Bei Bei Shuai, 34, was arrested Monday and appeared in court Wednesday on charges of knowingly killing a viable fetus and attempted feticide, prosecutors said. The court entered an automatic plea of not guilty for Shuai, who is in custody.

Shuai consumed rat poison while 33 weeks pregnant, prosecutors said. On December 23, she was taken to a hospital where she admitted to taking rat poison in an attempt to kill herself after her boyfriend left her, according to a police statement.

Shuai's baby girl, Angel Shuai, was born alive on December 31. On January 3, the baby died after being taken off life support.
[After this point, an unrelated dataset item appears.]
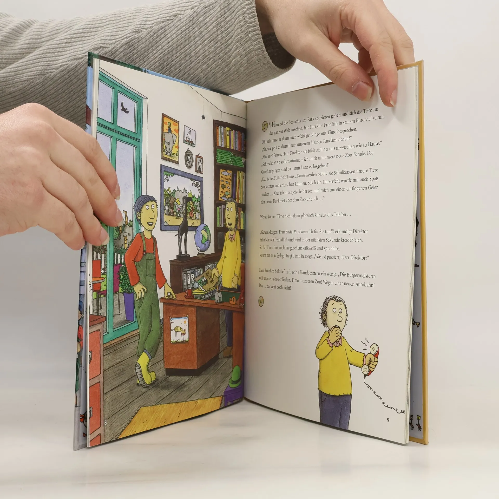 Bürgermeisterin Basta plant den Bau einer Autobahn, und das ausgerechnet quer durch das Gelände des Zoos: Die Gehege sollen abgerissen und die Tiere in andere Zoos verlegt werden. Eine schreckliche Vorstellung – nicht nur für Direktor Fröhlich, Pfleger Timo und die tierischen Mitbewohner. Damit dieser Albtraum nicht wahr wird, denken sich alle zusammen einen ungewöhnlichen Krisenplan aus – einen Plan, der viele Menschen in den Zoo lockt. Mit Musik, Abendführungen und Tierpatenschaften sammeln die Tiere Geld und suchen Freiwillige zur Instandsetzung des Zoos. Immer dabei ist das buntgemischte Zoo-Orchester mit seinen Melodien wie dem Geier-Blues, Es-geht-mir-gut-Boogie-Woogie oder Schlangen-Swing. Nun muss nur noch Bürgermeisterin Basta von ihrem Plan abgebracht werden. Rettet den Zoo ist eine spannende und begeisternde Geschichte für Kinder ab 5 Jahren. Das ansteckende Demolied und viele beschwingte Melodien machen dieses Kinderkonzert zu einem unvergessenen Erlebnis für das ganze Publikum. (siehe auch: Christian Klaessen, Der Elefantenpups – Direktor Fröhlich und das Zoo- Orchester / Sebastian Laverny, Der Elefantenpups – Ein tierischer Geheimplan)
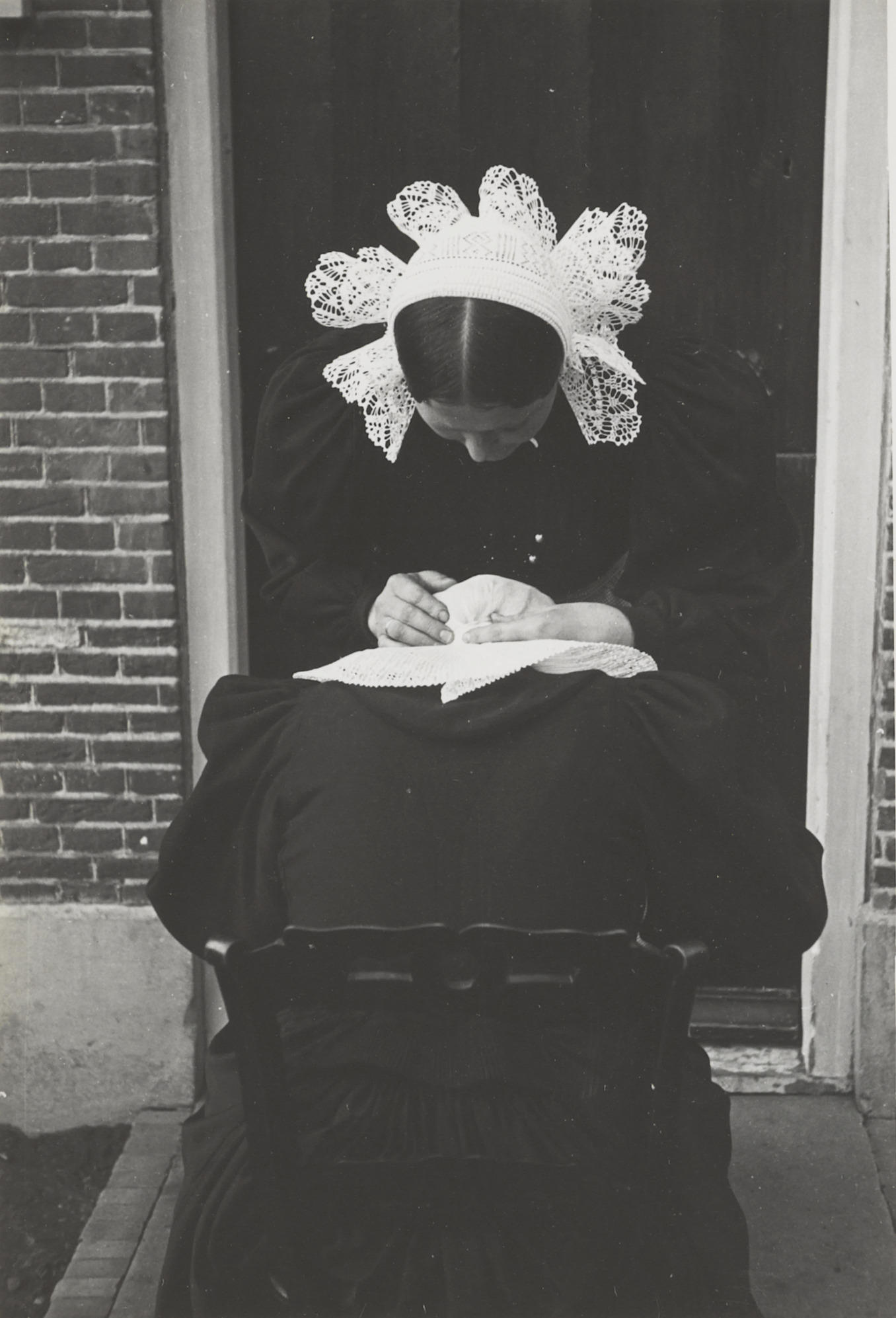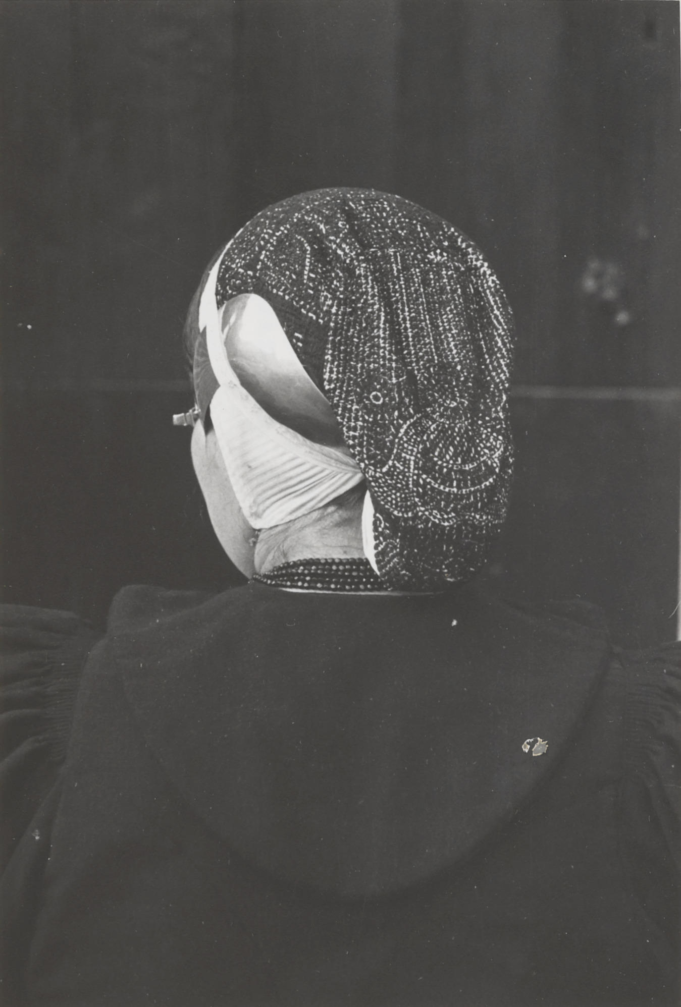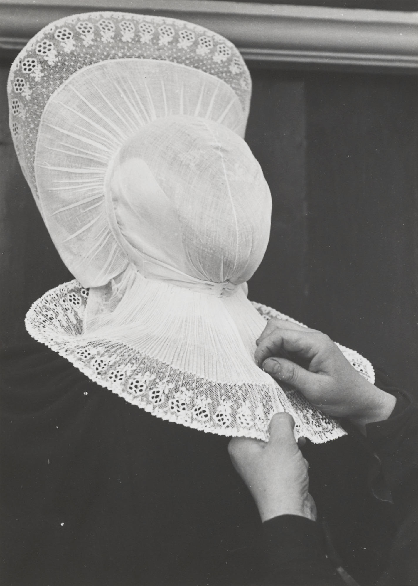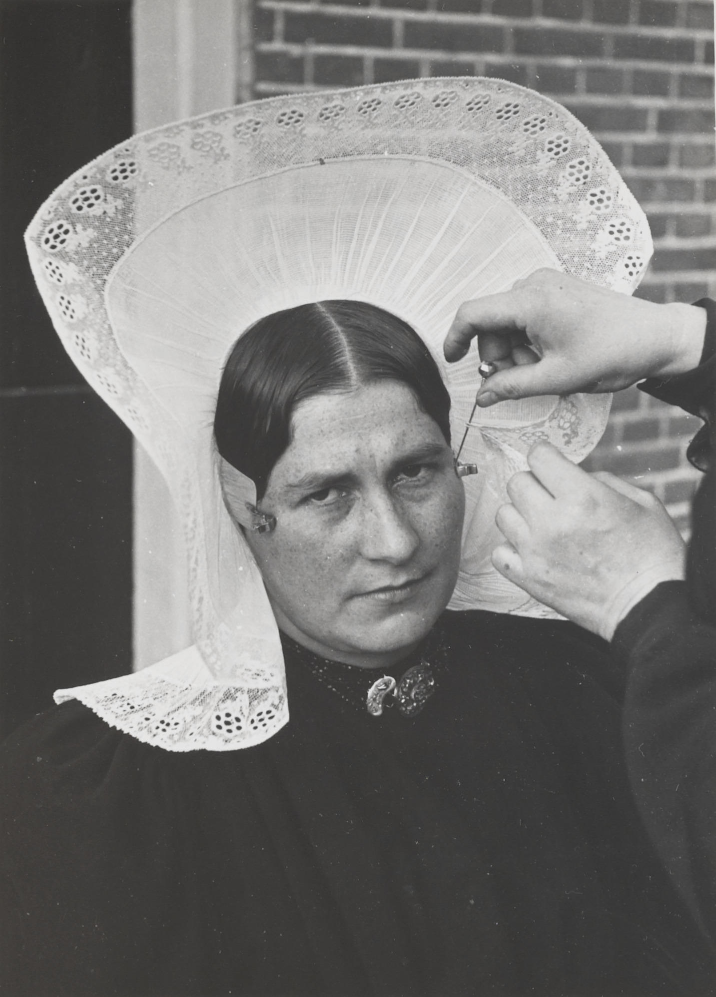 Vrouw in streekdracht, Huizen, 1945 (zwart-wit foto)

An autopsy determined that the cause of death was her mother's ingestion of the poison, police said.

Shuai, is the co-owner of a small Indianapolis restaurant, is from China and has no family members in the United States, according to her lawyer, Linda Pence. Pence called the prosecution "mean-spirited" and "horrible" and wants to have the charges dismissed.

"This young woman is truly one of the kindest, most gentle people I've ever met," said Pence. Pence said Shuai's boyfriend had promised to marry her and help raise the child, and then dumped her, leaving her crying on her knees in a parking lot. Shuai was near a hardware store, so she bought the poison to kill herself.

Pence said Shuai had been happy about the baby, and had bought baby clothes. The baby died in her arms after she had rocked it "for hours and hours," Pence said.

Pence said there is a common law immunity for pregnant women who attempt to harm themselves -- or else prosecutors could charge any woman who drank or took drugs. Pence said the law against killing fetuses is meant to target third parties -- as in the case of a robber who shoots a pregnant woman.